Marine stratocumulus clouds (MSCs) typically lie at low-altitudes below 6,000 feet, covering about 20 percent of the low-latitude oceans, or 6.5 percent of the Earth’s surface.

MSCs usually form over water and have either closed- or open-cell forms—⁠the difference has to do with their cloud cover. Closed-cell MSCs cover nearly 100 percent of the underlying Earth’s surface and reflect a large portion of solar radiation. Open-cell MSCs, on the other hand, have broken cloud structures that surround areas of clear sky, which do not block much solar radiation.

Satellite imagery of marine stratocumulus clouds off the western coast of South America, via NOAA-20, Dec. 3, 2019.

The image above contains both forms of these clouds. Can you tell which ones are which? 

Interestingly, changes in the local air quality have been found to affect these clouds. In fact, a study published in the Journal of Geophysical Research found that emissions, such as those from ships, can cause the transition from open- to closed-cell MSCs over large areas. Additionally, another study from JGR Atmospheres found that dust, smoke, pollutants, and other aerosols from continents can cause the same effect.

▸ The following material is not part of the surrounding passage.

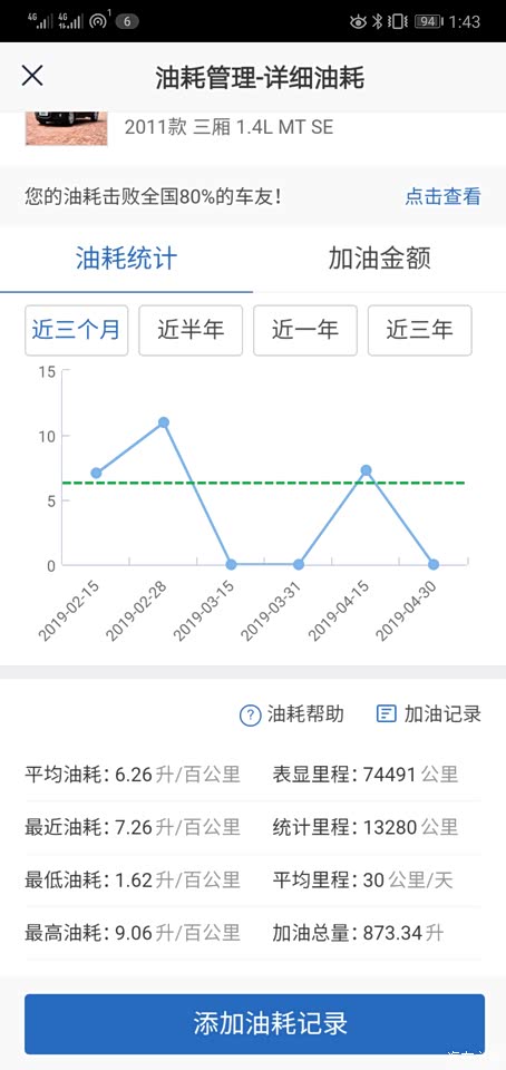 油耗的记录,汽车之家的截图,油耗真心的不高

See additional examples below.

Image of clouds
Maritime Stratocumulus Provide a Mesmerizing View
On Jan. 5, 2021, the GOES East satellite, using Band 2 of the ABI instrument , viewed percolating clouds approximately 3,000 miles off of the coast of Chile, north of Easter Island and the Pitcairn Islands. Band 2, which has the finest resolution of all of the 16 bands on the ABI, is called “red” because it picks up specific wavelengths that read out as that color on processed imagery. Due to its detail, it is also the band that is best suited to viewing clouds and the changes they undergo.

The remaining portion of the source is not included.